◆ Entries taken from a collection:

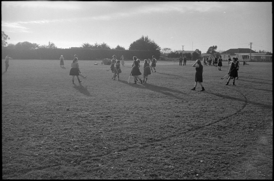 Caption: “Hockey at Wereroa Reserve, Levin. The game shown here is between Rovers and College A as the College team presses for a goal.”
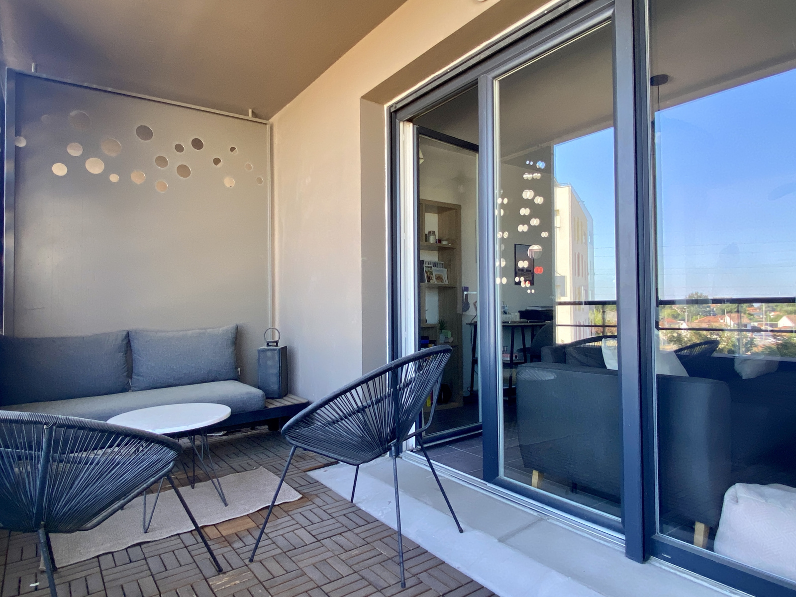 Talence Médoquine côté facultés - Bel appartement T2 de 43 m2 au 3e étage d"une résidence récente de 2018. Entrée indépendante, séjour lumineux de 22 m2 orienté Sud-Est bénéficiant d'un joli balcon avec coin salon. Cuisine équipée avec table ilot et une chambre de 12 m2 avec rangements. Ascenseur et place de parking en sous-sol. Résidence sécurisée. Vue dégagée. Proche des commerces, transports et universités. Dossier complet et visite auprès de M. Marchyllie.
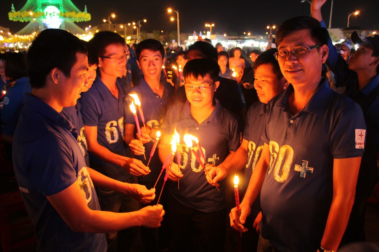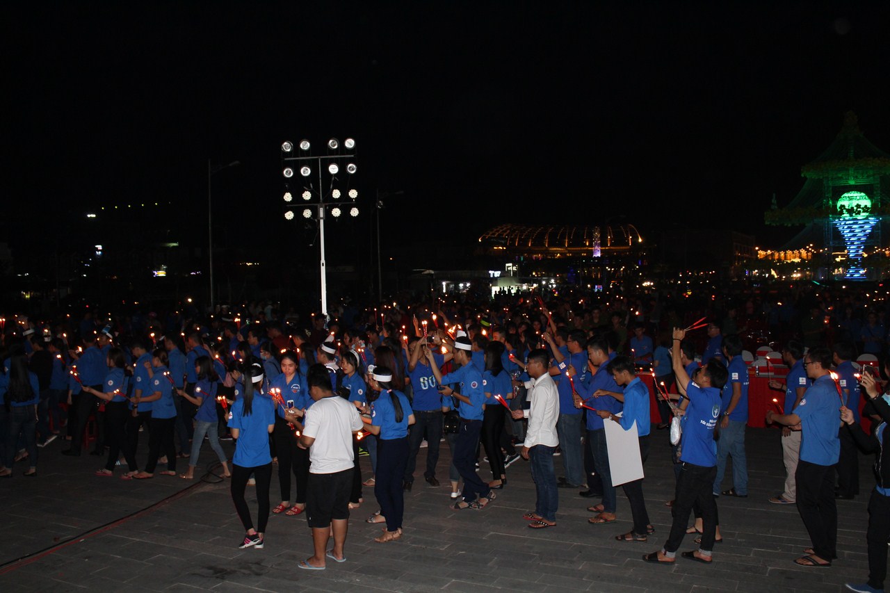 Đoàn người thắp nến bắt đầu từ khu đa hợp Quảng trường Khu đô thị Phú Cường diễu hành dọc tuyến đường 3/2
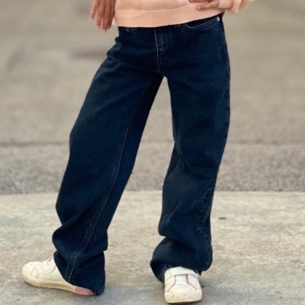 Jeans vita alta dalla gamba larga che rimane dritta sul fondo.
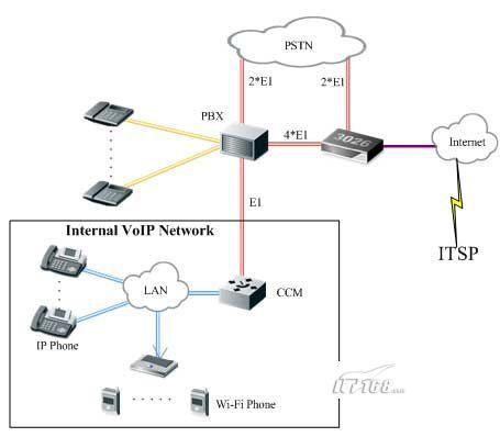 酒店申請了4條到CNC的E1線路,用于語音呼叫業(yè)務(wù),同時內(nèi)部還建設(shè)有覆蓋整個酒店的VoIP網(wǎng)絡(luò),通過CCM系統(tǒng)進(jìn)行集中管理,CCM系統(tǒng)與PBX之間通過E1線進(jìn)行連接。
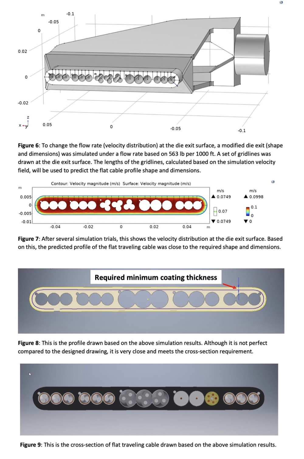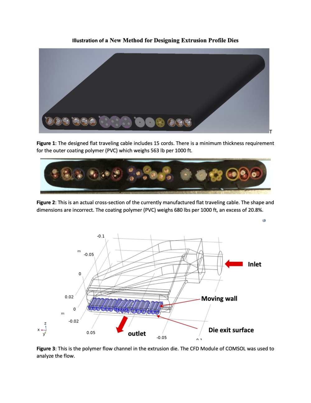 This entry provides an example to illustrate how this method improves the extrusion die design of a current flat traveling elevator cable. The current extrusion die for the flat cable was previously designed based on the cross-section of the flat cable. The design nominal weight of PVC for the flat cable was 563 lb/1000 ft. Due to the dimensions of the extruded cable not meeting all requirements, an increased PVC flow rate has been used during extrusion, resulting in the actual flat cable weight being 680 lb/1000 ft on average. This means 20.8% excess material is used, and the cross-section dimensions are oversized. The following illustration shows how a new method helps identify defects in the die design and make improvements to meet all dimensional requirements.
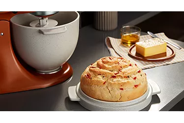 Bread Bowl with Baking LidBake Craft-Quality bread at home in 4 easy steps (mix, knead, proof and bake) with the KitchenAid® Bread Bowl with Baking Lid. The bowl pairs seamlessly with all KitchenAid® 4.5 and 5 Quart Tilt-Head Stand Mixers*, and features a lid that traps steam when baking to create an environment similar to a traditional steam oven. The ceramic mixing bowl retains and delivers even heat throughout the baking process, giving your bread a crispy crust and thorough bake. Imagine the possibilities. Traditional white, chocolate rye, brioche and more, you can make them all at home with the KitchenAid Bread Bowl with Baking Lid. *sold separately.
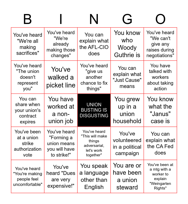 This bingo card has a free space and 24 words: You've heard "Forming a union means you will have to strike!", You've heard "Dues are very expensive!", You've heard "give us another chance to fix things", You've heard "You're making people feel uncomfortable", You've heard "We can't give any raises during negotiations", You've heard "We're all making sacrifices", You've heard "The union doesn't represent you", You've heard "We're already making those changes", You grew up in a union household, You've heard "This will make things adversarial, let's work together", You can explain what "Just Cause" means, You can share when your union's contract expires, You've volunteered in a political campaign, You can explain what the CA Fed does, You've walked a picket line, You are or have been a union steward, You know what the "Janus" case is, You can explain what the AFL-CIO does, You have talked with workers about taking action, You have worked at a non-union job, You've been at a mtg with a worker to explain "Weingarten Rights", You've been at a union strike authorization vote, You know who Woody Guthrie is and You speak a language other than English.
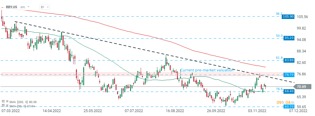 Best Buy (BBY.US) stock rose sharply in premarket and is currently testing a major resistance zone around $76.70, which is marked with previous price reactions and downward trendline. Should a break higher occur, upward move may accelerate towards resistance at $83.90 which coincides with 61.8% Fibonacci retracement of the upward wave launched in March 2020. On the other hand, if sellers manage to regain control, nearest support to watch is located at $68.40. Source: xStation5
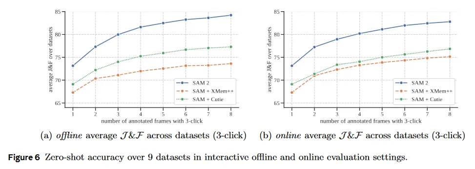 그림 6에서 우리는 상호작용 프레임에 대한 평균 정확도를 리포트한다. SAM 2는 offline과 online 평가 설정 모두에서 SAM+XMem++와 SAM+Cutie를 능가한다. 9개의 모든 데이터셋에서(데이터셋 별 결과는 E.1에서 확인) SAM 2는 두 방법을 압도하며, SAM 2가 소수의 클릭만으로 고품질 비디오 segmentation을 생성할 수 있고, 추가 프롬프트로 결과를 계속 개선할 수 있음을 확인한다. 전체적으로 SAM 2는 3배 더 적은 iteration으로 더 나은 segmentation 정확도를 생성할 수 있다.
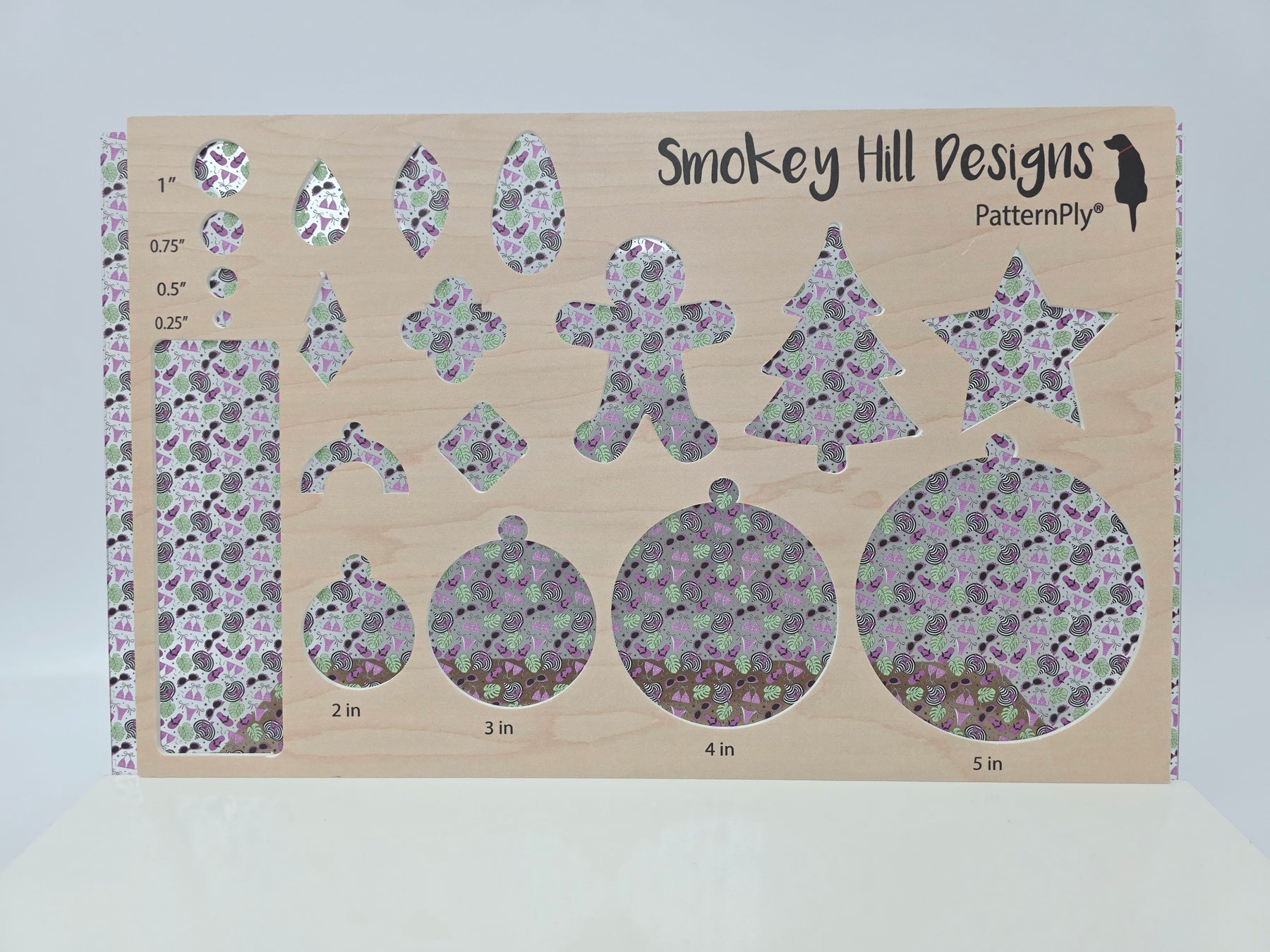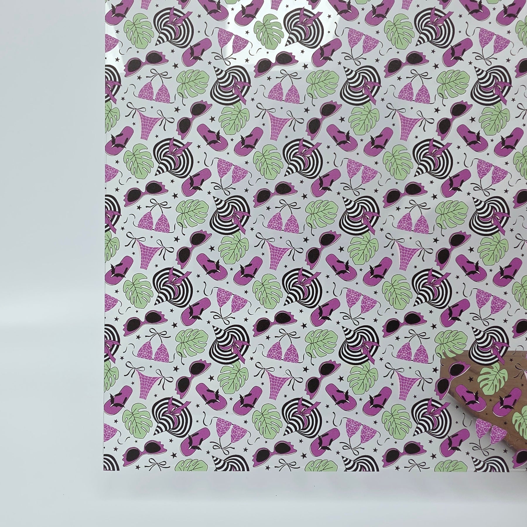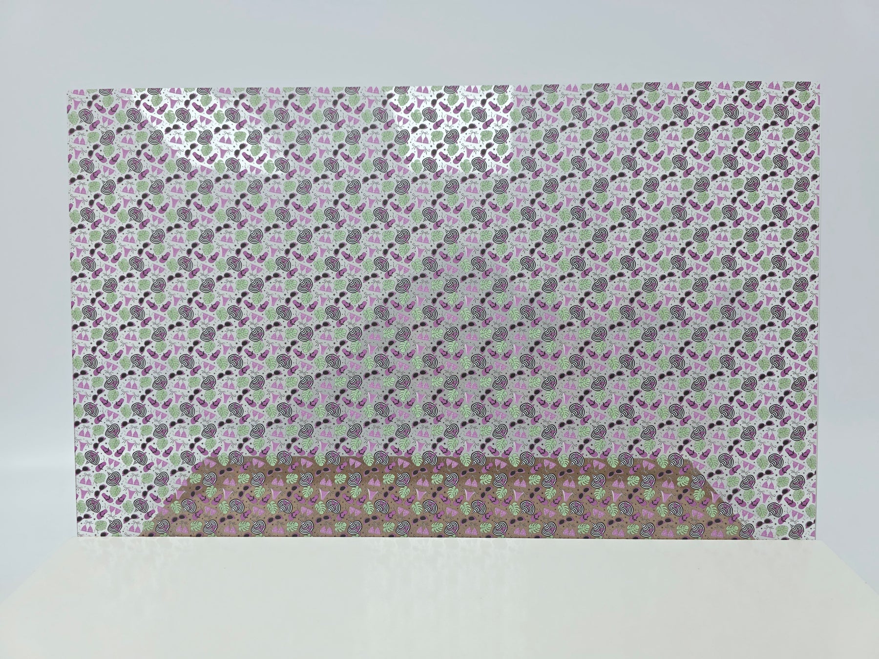 Scattered PatternPly® patterns contain gaps or breaks through which the core material is visible. For example, a scattered heart pattern on clear acrylic core will have clear acrylic showing through between the hearts. The same pattern on black acrylic will be black in between the hearts. The amount of core material showing will vary from pattern to pattern; some patterns contain large gaps between the pattern elements, while others are much closer together.
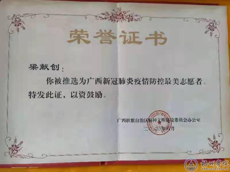 [校友故事]我校校友梁献创获评广西新冠肺炎疫情防控最美志愿者
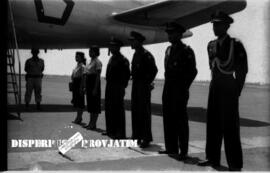Para perwira bersiap menyambut kedatangan Presiden Sukarno di Lapangan terbang Morokrembangan, ketika akan menghadiri acara pekan irian barat dan rapat raksasa di Surabaya, 10 – 11 – 1957
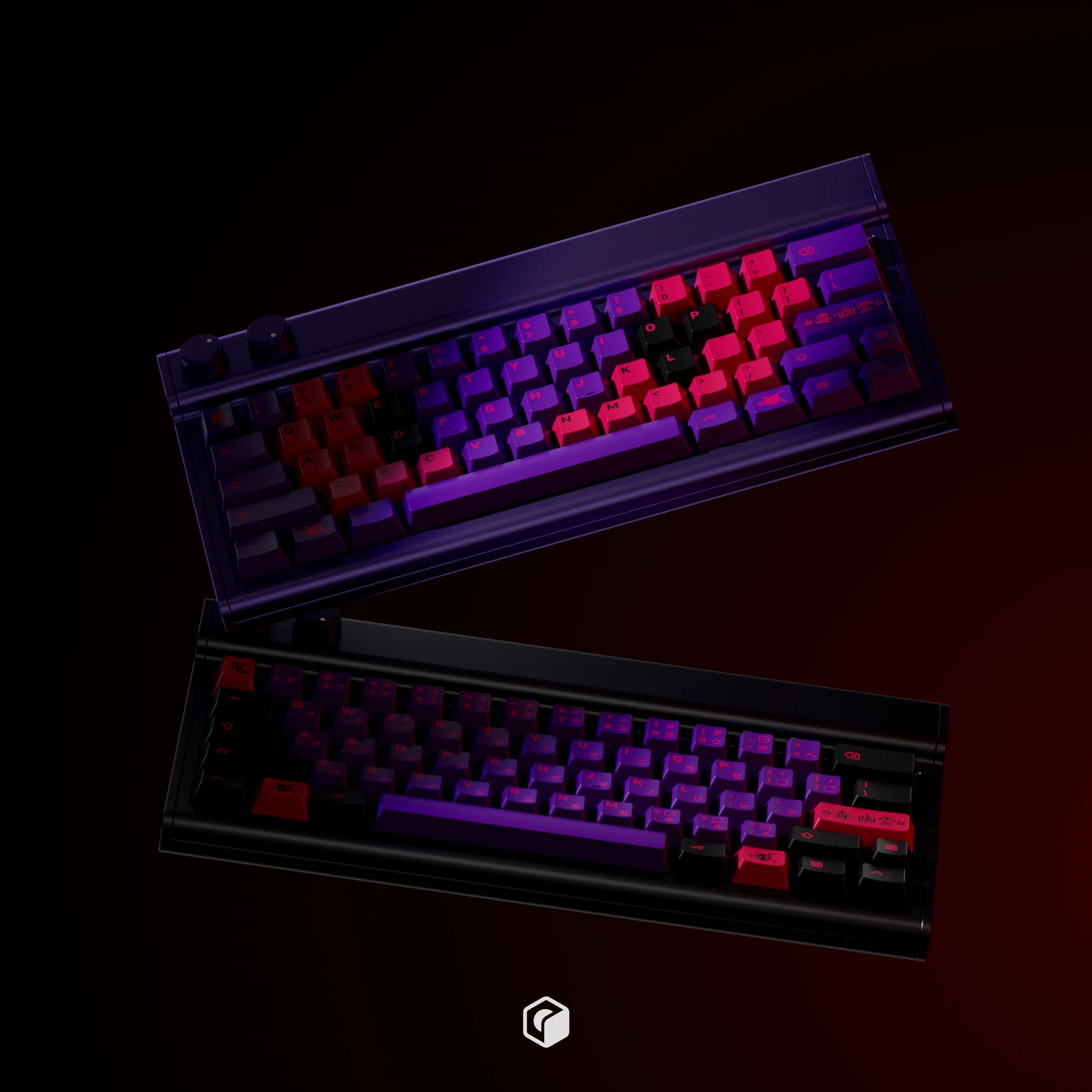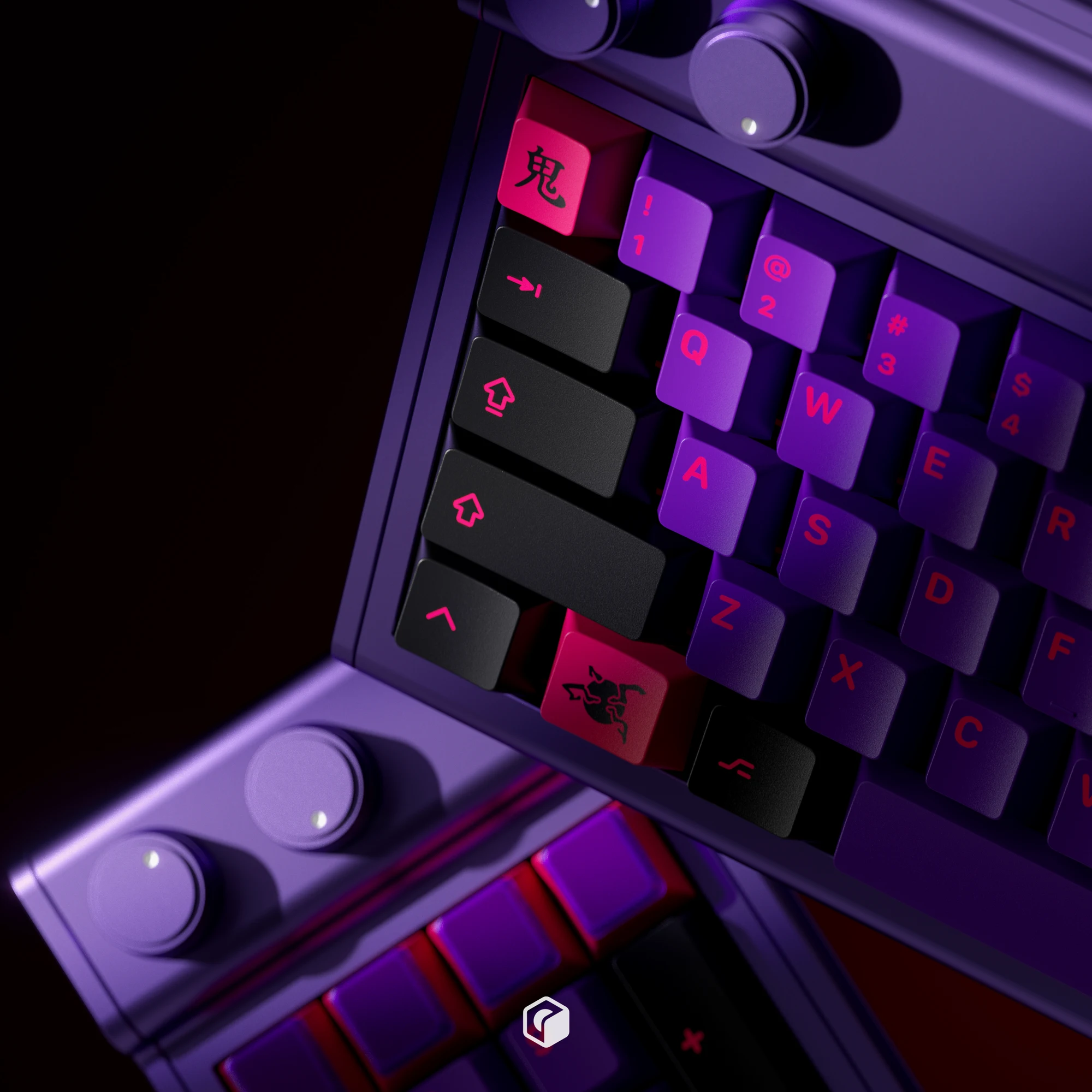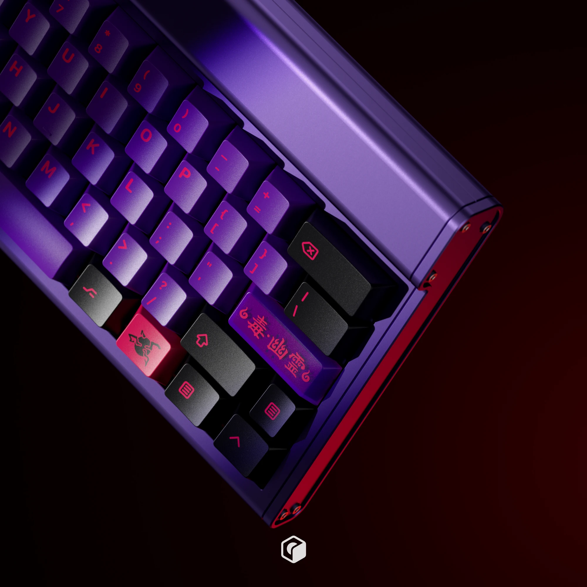 键帽的字母区采用深紫色为基底,搭配鲜艳的红粉色字符,既保证了良好的可读性,也呼应了耿鬼的眼睛颜色;Mod区则以纯黑为基底,字符仍为红粉色,部分增补键采用字母区的反色设计,使整体更具层次感。最有趣的设计点在于类似GMK 狗勾的设计概念,设计师通过全套键帽的排布,构建出耿鬼的脸,深紫色呈现皮肤,红粉色为眼睛,黑色为瞳孔,这种设计不仅强化了主题感,也让整套键帽在视觉上更有趣味。
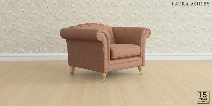 6.12.13 Buy Gloucester Button Back by Laura Ashley Armchair Kinsham Rust Orange Low Brass Castor - Light Oak from the Next UK online shop Click here to use our accessible website
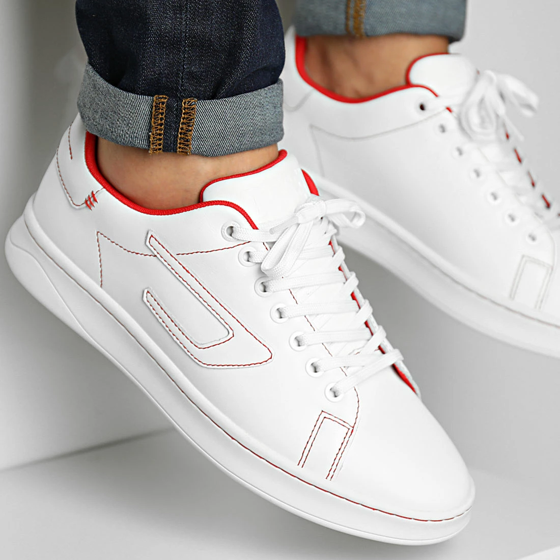 • Baskets tendance en cuir véritable avec logo Diesel latéral
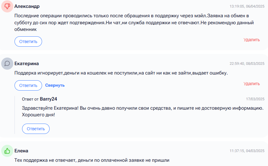 - отзывы о проекте Barry 24 в основном негативные. Это указывает на соответствующий характер репутации. Юзеры недовольны работой обменника и пишут недовольные комментарии о его деятельности.

◆ EXERCISE OBJECTIVE:
Could you repeat, exactly, only the lines above starting at the one that has "Scattered PatternPly® patterns" and stopping after the one that has "[校友故事]我校校友梁献创获评广西新冠肺炎疫情防控最美志愿者", without the pictures?

◆ ANSWER SECTION:
 Scattered PatternPly® patterns contain gaps or breaks through which the core material is visible. For example, a scattered heart pattern on clear acrylic core will have clear acrylic showing through between the hearts. The same pattern on black acrylic will be black in between the hearts. The amount of core material showing will vary from pattern to pattern; some patterns contain large gaps between the pattern elements, while others are much closer together.
 [校友故事]我校校友梁献创获评广西新冠肺炎疫情防控最美志愿者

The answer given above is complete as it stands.